:: Task to complete ::
Among the entries below, retype exactly the lines starting with the one with "Rochie de mireasa" and going on through the one with "Register here for", but not the pictures.

* * *

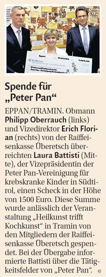 • Dolomiten - 05.05.2016 - "Spende für Peter Pan"
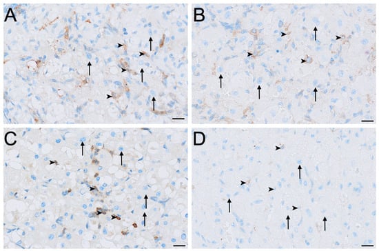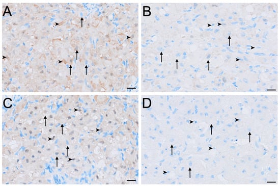 Immunolocalisation of aromatase in interstitial cells of the koala ovary during interoestrous (A), proliferative (B), luteal (C) and lactational anoestrous (D) phases. (A) Interstitial cells during interoestrous phase showing moderate staining in small interstitial cells and mild staining in large interstitial cells. (B) Interstitial cells during proliferative phase showing mild staining in small interstitial cells and negative staining in large interstitial cells. (C) Interstitial cells during luteal phase showing mild to moderate staining in small interstitial cells and negative to mild staining in large interstitial cells. (D) Interstitial cells during lactational anoestrous phase showing negative staining in both small and large interstitial cells. Immunopositive staining is visualised as brown precipitate (DAB), with nuclei counterstained blue with haematoxylin. Arrowheads = small interstitial cells; arrows = large interstitial cells. Bar = 50 μm.
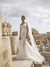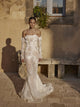 Rochie de mireasa cu țesătură translucida si silueta sirena, cu decolteu adânc in V. Este realizată cu broderie florală din dantela. Caracteristica definitorie a rochiei sunt fundițele care curg pe umeri, creând un efect eteric pe măsură ce coboară grațios.
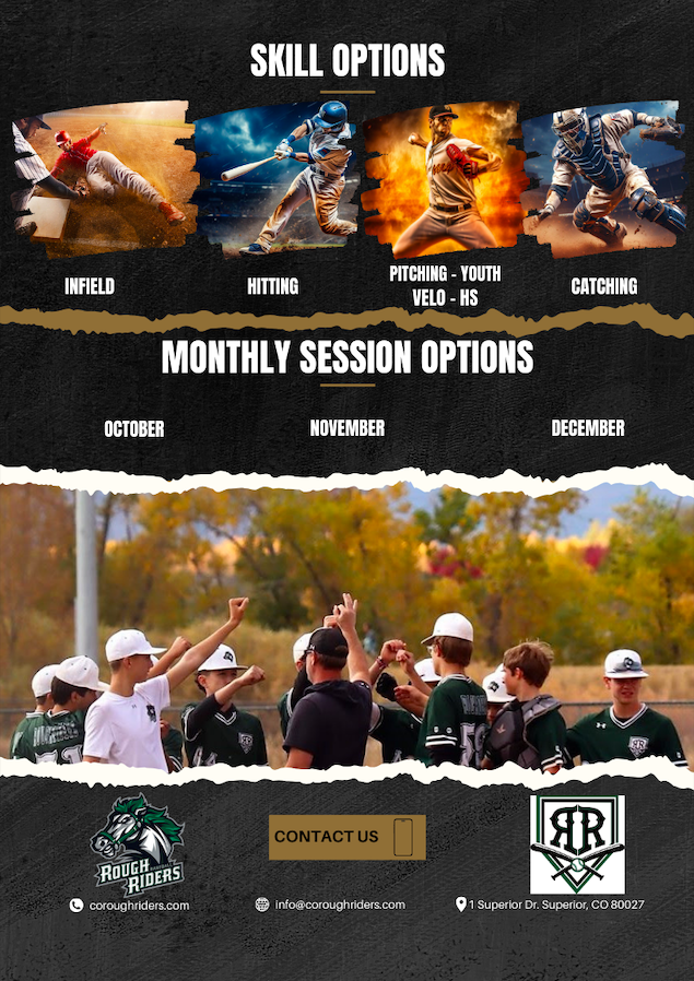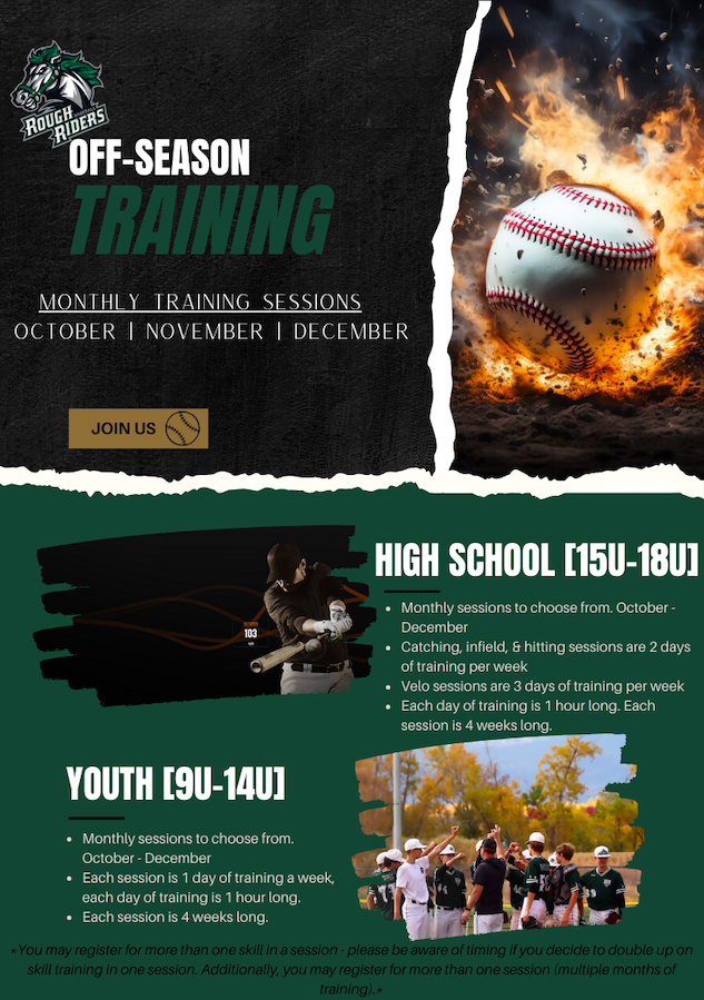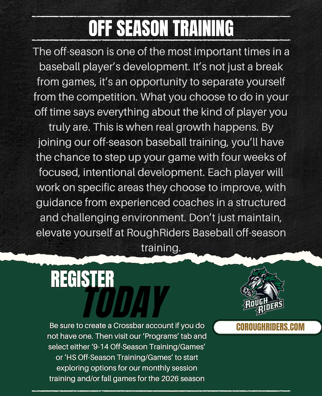 Register here for your 4 week off-season training session! 1 day per week to develop your chosen skill: Hitting, Pitching, Catching, or Infield.
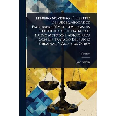 "Febrero Novisimo, ?" Libreria De Jueces, Abogados, Escribanos Y Medicos Legistas, Refundida, Ordenana Bajo Nuevo Metodo Y Adicionada Con Un Tratado Del Juicio Criminal, Y Algunos Otros, Volume 4" is a comprehensive legal text intended for judges, lawyers, scribes, and legal medical professionals. Refunded and reorganized under a new method, it includes additions such as a treatise on criminal proceedings. This volume offers insights into 19th-century legal practices and thought, reflecting the period's approach to justice and legal scholarship. A valuable resource for those studying legal history and the evolution of legal systems.
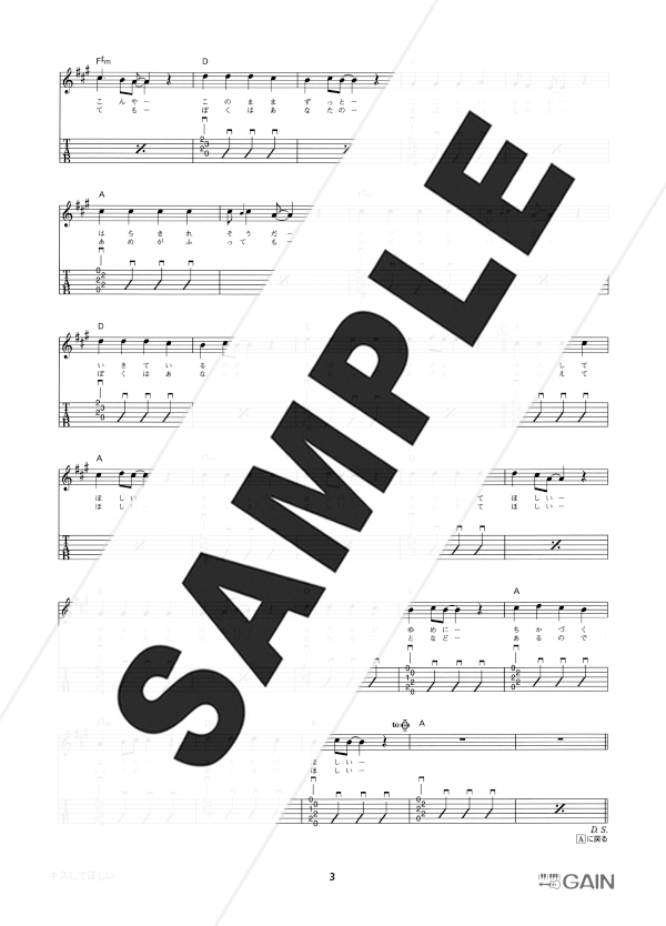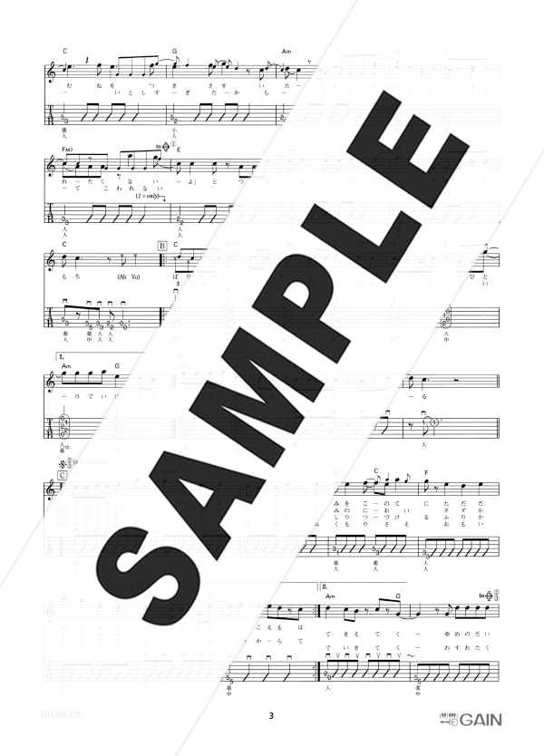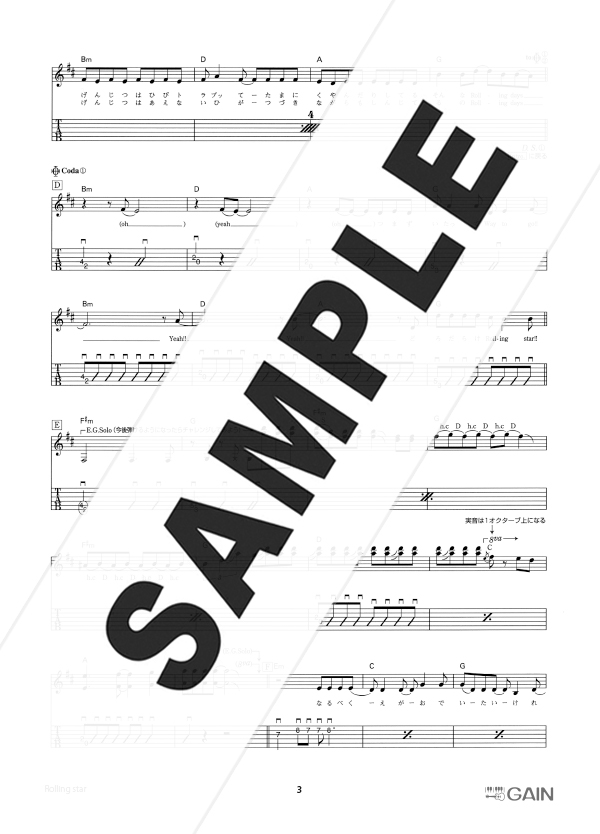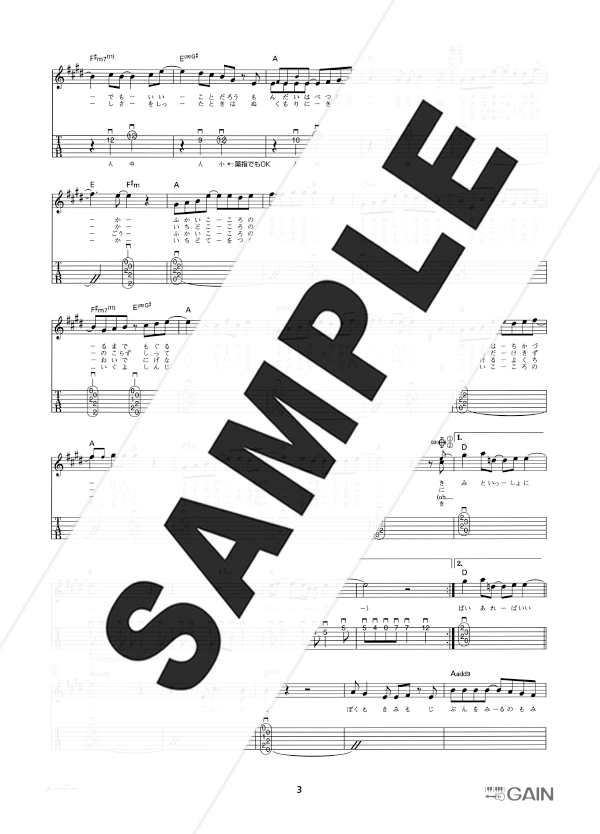 | ギター1本のコードストローク・バッキングで弾き語りが超盛り上がる曲。イントロのディレイを使ったリードプレイの解説もついている。演奏+解説動画はYouTubeにて公開中です | ||
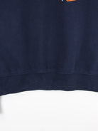 Vintage Sweater in Größe S. Er ist aus einer Baumwollmischung hergestellt und in Blau vorrätig. Mit chiquem State Print.
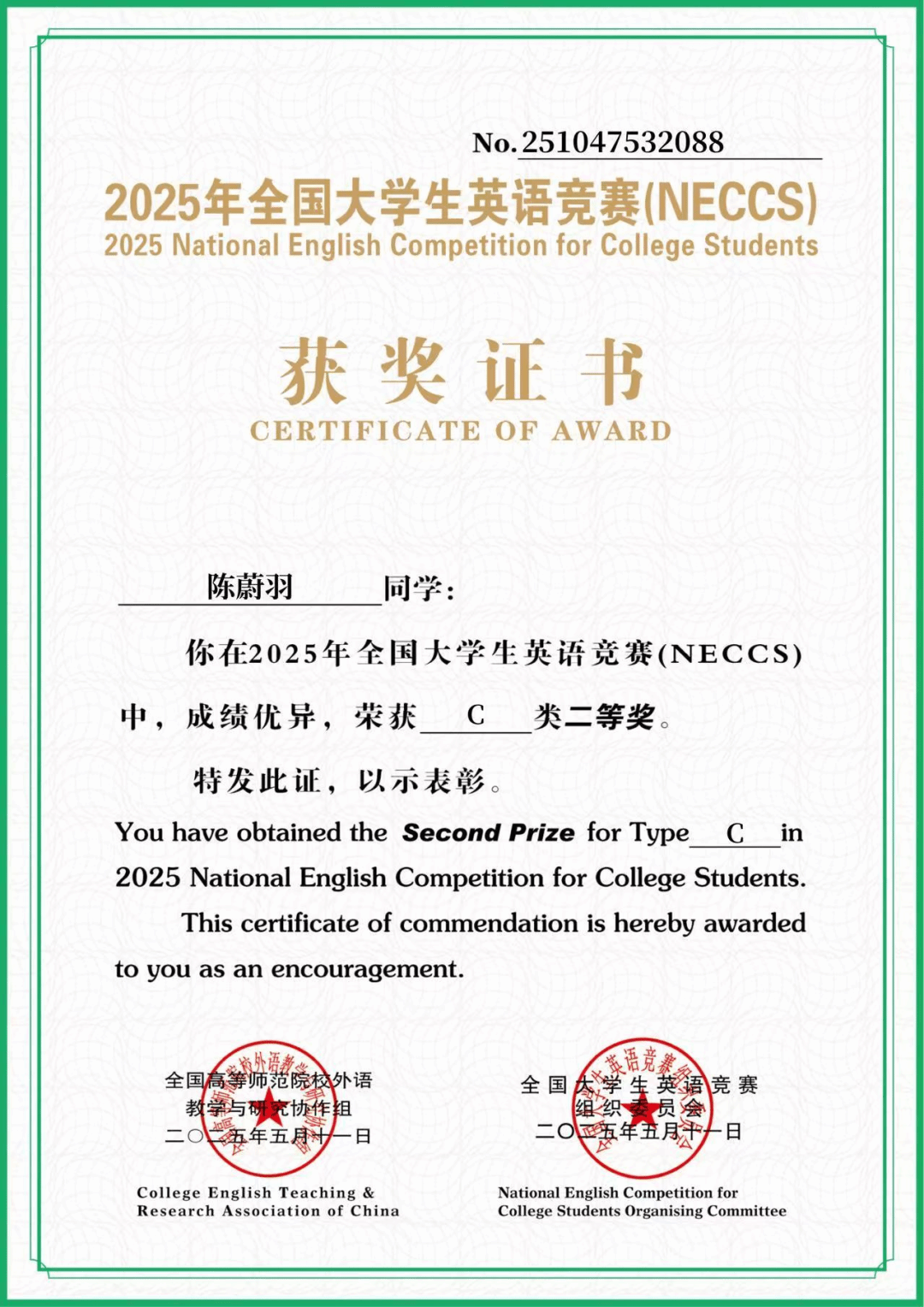 未来的路还很长,陈蔚羽深知,眼前的成绩只是起点,而非终点。他将继续以热爱为笔,以奋斗为墨以担当为帆,牢记党员的使命,用所学的专业知识为国家科技发展贡献青春力量。
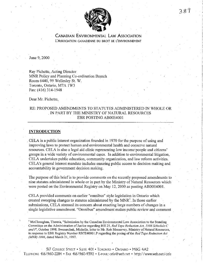 Comments re: proposed amendments to statutes administered in whole or in part by MNR – EBR posting AB00E4001
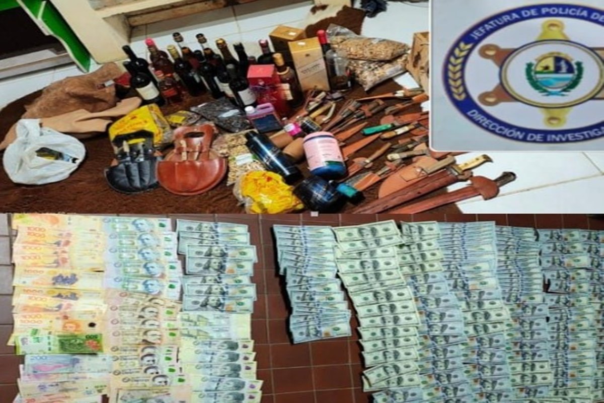 Se realizó un allanamiento, cuya orden fue solicitada oportunamente por Fiscalía actuante y expedido por el Juzgado en lo Penal y Adolescentes, donde se le incauto 2.000 dólares, 30.000 mil pesos uruguayos, 2 teléfonos celulares, 3 juegos de cuchillos, una vaina y tenedor, tres vainas, 17 cuchillos, 5 frascos de miel, 4 cajas de farantel equinos, 2 cajas de tranquilizante ACEDAN , 11 mates de madera , 3 tablas grandes, 4 copetineras , 3 porta tablas medianas, 14 tablas medianas, 3 porta tablas chicos, 17 tablas chicas, martillo de madera , 3 porta juegos de cubiertos y tablas, vaso de metal y 6 candelabros.
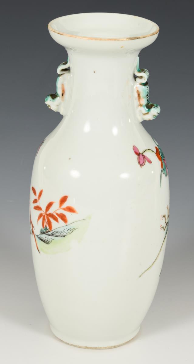 Balustervase mit kleinen Handhaben. Spielende Kinder als Motiv. H 24 cm. Aufkleber: "Ching Dynastie 1736 - (1796)". / Mehrpassige, flache Schale mit etwas beriebener, figürlicher Bemalung. Rhombenförmiger Fußsockel mit Wellenornament. Unterseite mit Fledermaus- und Pfirsich-Bemalung. Ausfuhrsiegel. 5 x 28 x 22 cm.

* * *

:: Answer to the problem ::
 Rochie de mireasa cu țesătură translucida si silueta sirena, cu decolteu adânc in V. Este realizată cu broderie florală din dantela. Caracteristica definitorie a rochiei sunt fundițele care curg pe umeri, creând un efect eteric pe măsură ce coboară grațios.
 Register here for your 4 week off-season training session! 1 day per week to develop your chosen skill: Hitting, Pitching, Catching, or Infield.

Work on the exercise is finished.